Prompt — Print the records below exactly, starting at the first line and stopping after the line that contains "晴天の中、3年生は音楽に合わせてランニング、6年生は長縄の練習をしていました。". Leave out any pictures.

::: Data shown

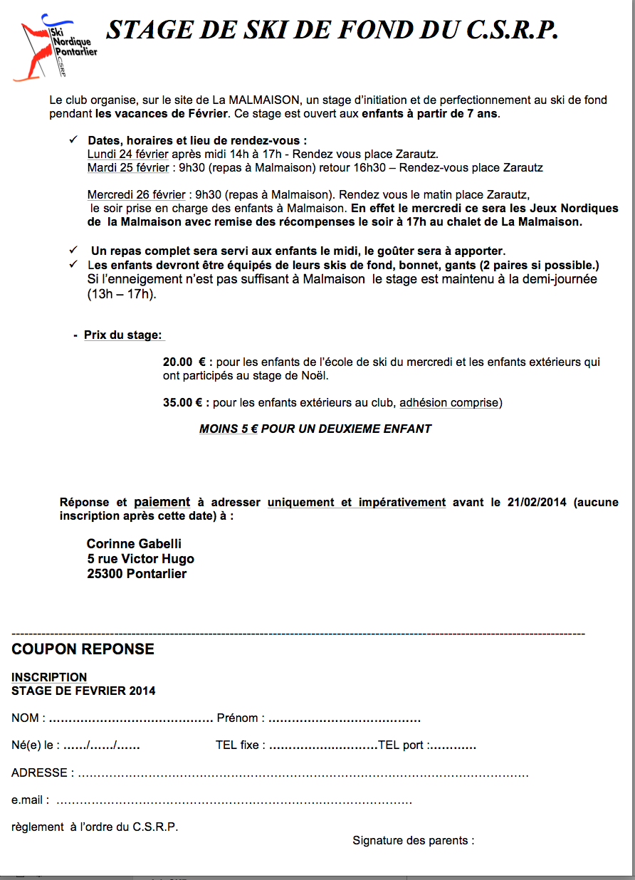 Voir les infos complémentaires pour le stage chaque soir à partir de 20h00 sur ce Blog.
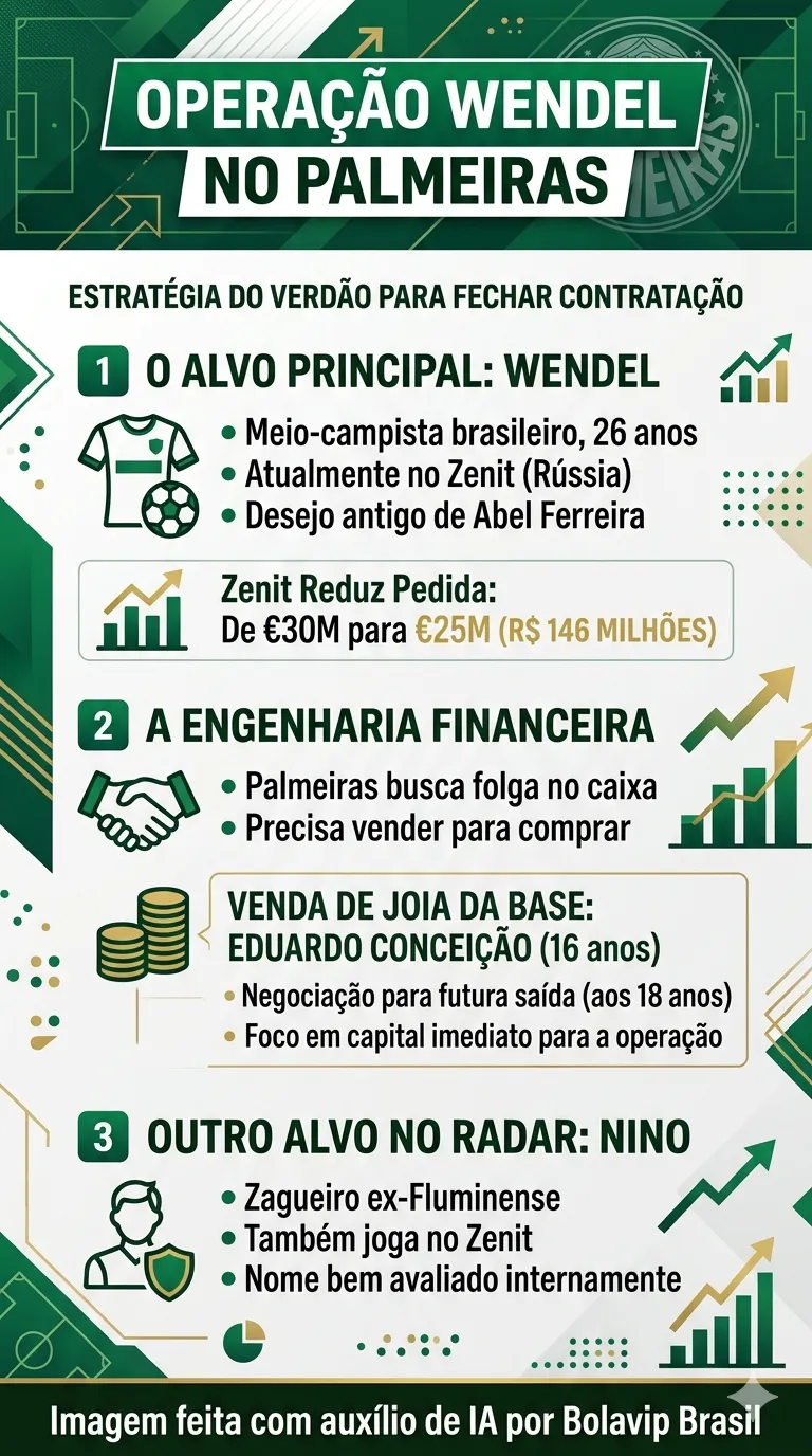 Uma situação que anima o Palmeiras foi trazida pela apuração da reportagem do portal, é que os Zenit teria abaixado a pedida por Wendel e agora o valor para negócio está em 25 milhões de euros (R$ 146 milhões).
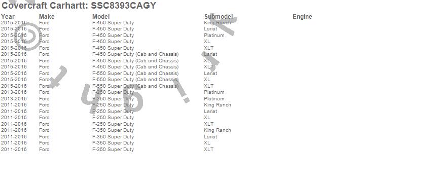 Below is an abbreviated list of applications for the Covercraft Carhartt SeatSaver.F-250 Super Duty, F-350 Super Duty, F-450 Super Duty, F-550 Super Duty, Ford, 2016, 2015, 2014, 2013, 2012, 2011
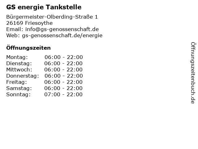 | Öffnungszeiten GS energie Tankstelle in Friesoythe anzeigen | |
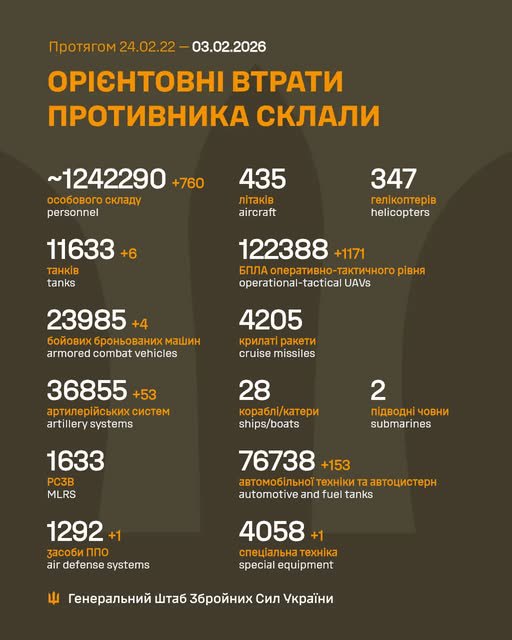 Загальні бойові втрати противника з 24.02.22 по 03.02.26 орієнтовно склали:
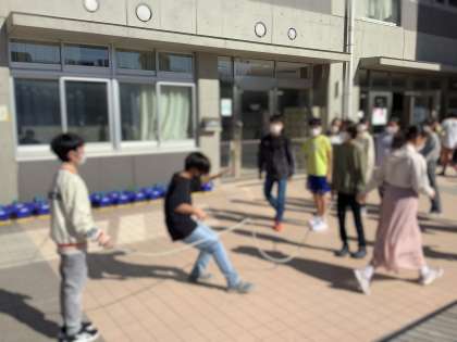 晴天の中、3年生は音楽に合わせてランニング、6年生は長縄の練習をしていました。
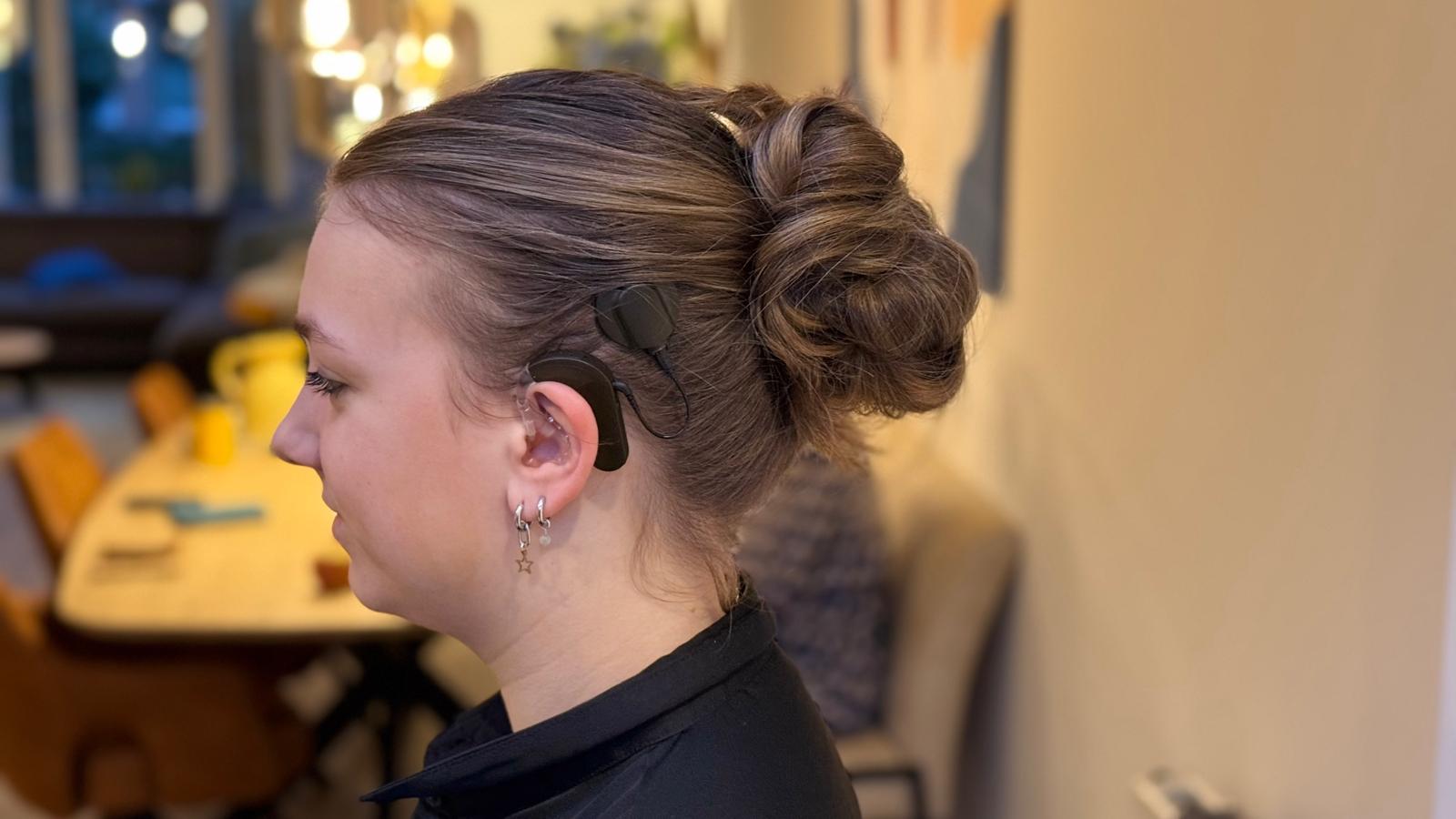 “Ik droeg namelijk toen aan de ene kant een CI en aan de andere kant een hoortoestel. Al snel merkte ik dat ik met mijn hoortoestel veel minder hoorde dan met mijn CI. Dit vond ik jammer en ook vervelend horen, ik kreeg niet alles mee en hoorde moeilijk van welke kant welk geluid kwam. Daarnaast had ik al het meest versterkende hoortoestel dat mogelijk was en deze kon niet meer harder of beter om mijn CI bij te kunnen houden.”
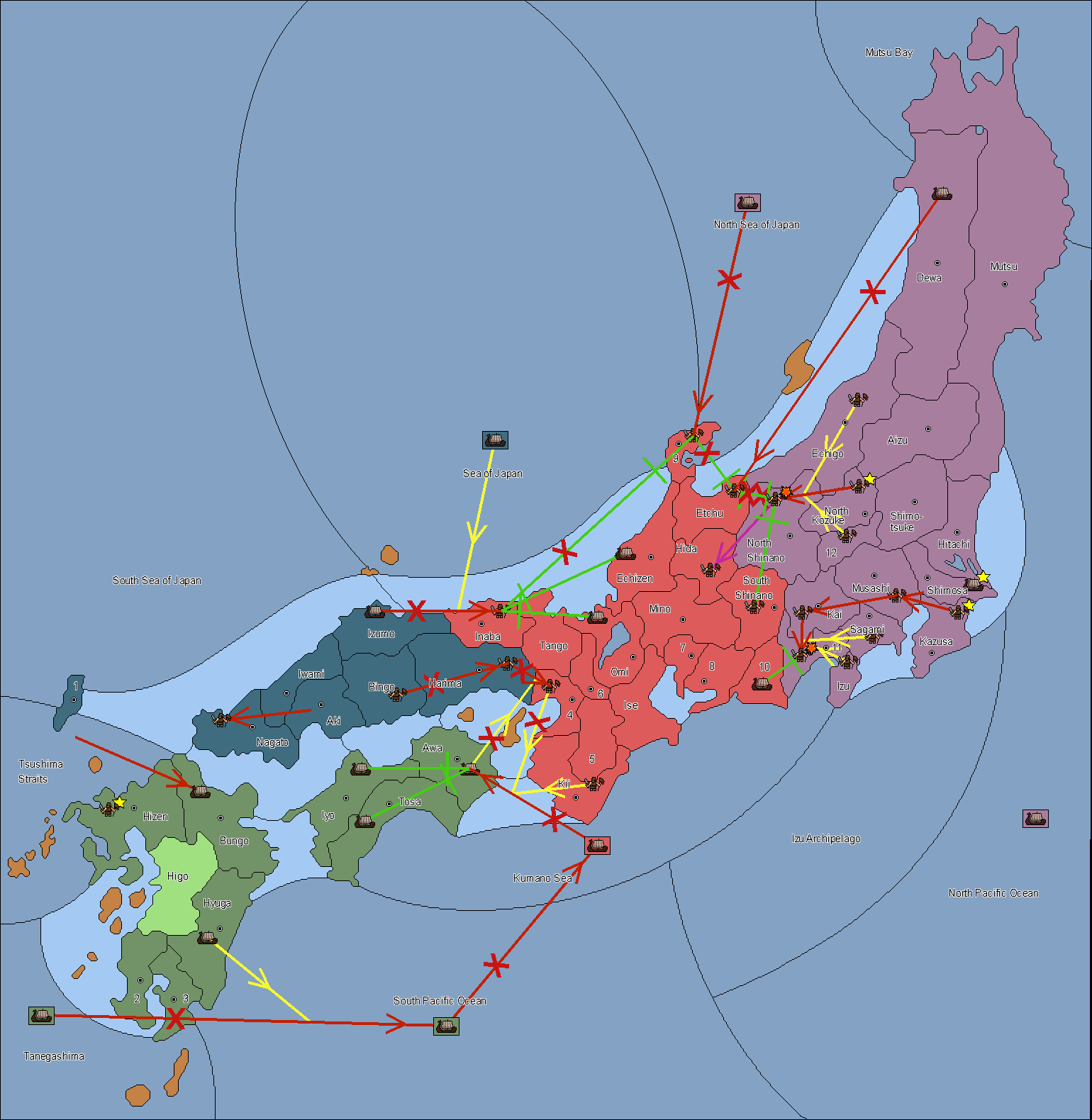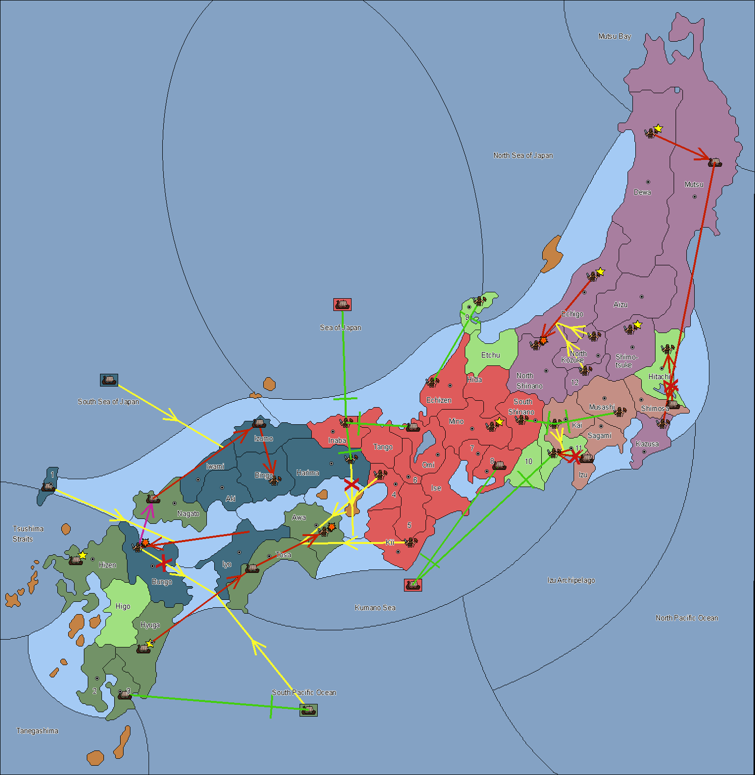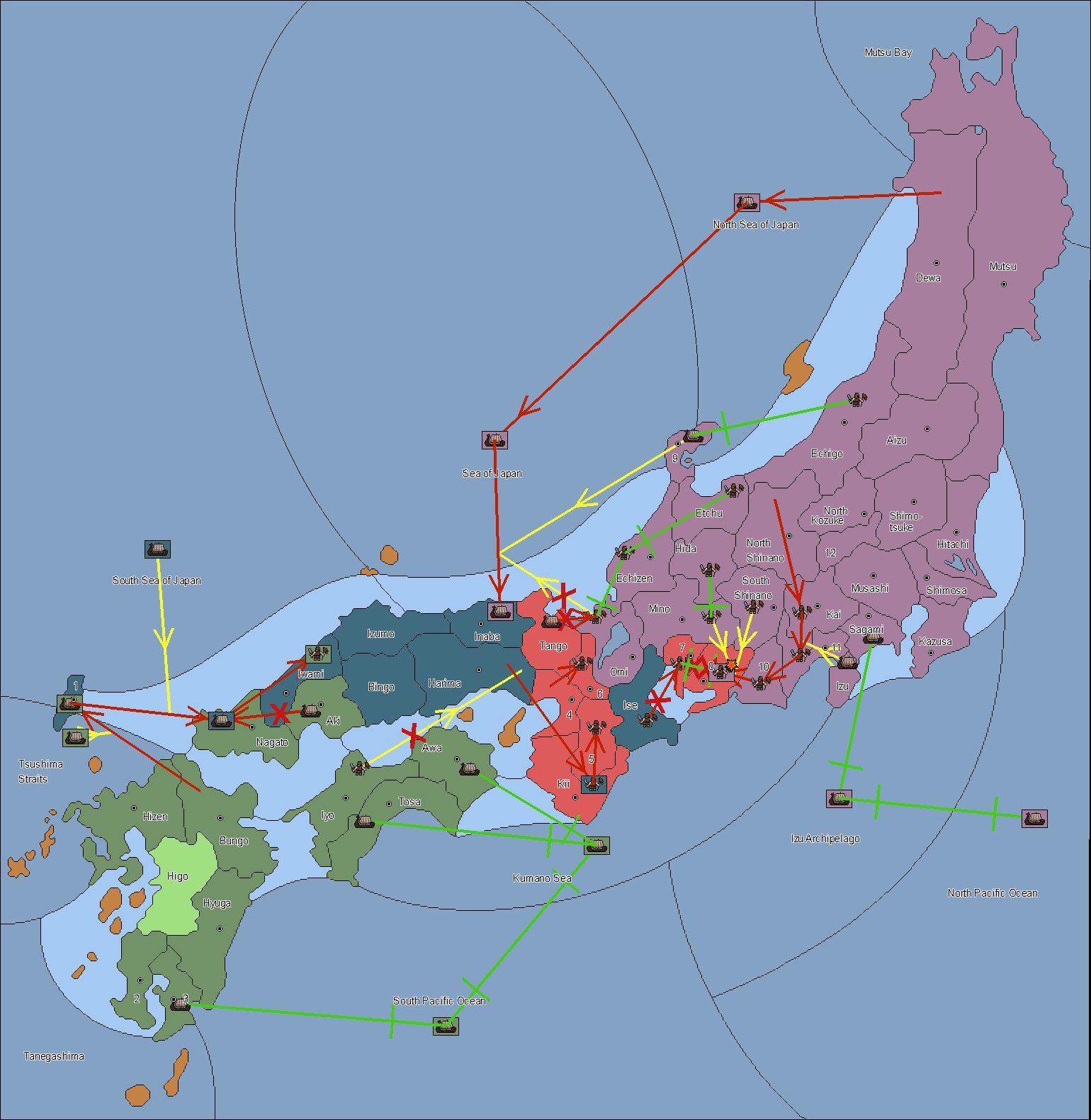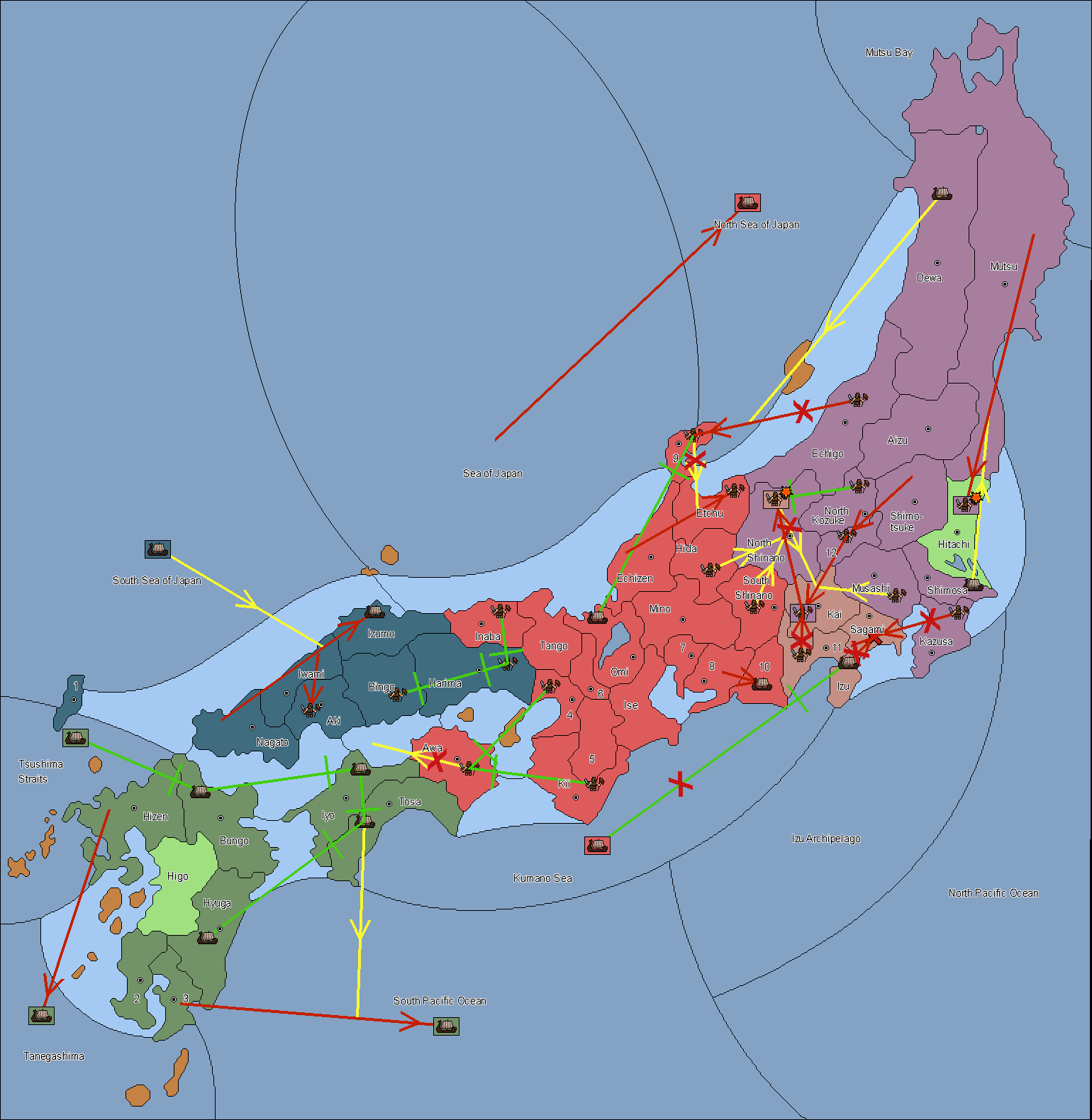 The army at Settsu (4) support move to Awa from Tosa.

::::::

Response to the task —
 Voir les infos complémentaires pour le stage chaque soir à partir de 20h00 sur ce Blog.
 Uma situação que anima o Palmeiras foi trazida pela apuração da reportagem do portal, é que os Zenit teria abaixado a pedida por Wendel e agora o valor para negócio está em 25 milhões de euros (R$ 146 milhões).
 Below is an abbreviated list of applications for the Covercraft Carhartt SeatSaver.F-250 Super Duty, F-350 Super Duty, F-450 Super Duty, F-550 Super Duty, Ford, 2016, 2015, 2014, 2013, 2012, 2011
 | Öffnungszeiten GS energie Tankstelle in Friesoythe anzeigen | |
 Загальні бойові втрати противника з 24.02.22 по 03.02.26 орієнтовно склали:
 晴天の中、3年生は音楽に合わせてランニング、6年生は長縄の練習をしていました。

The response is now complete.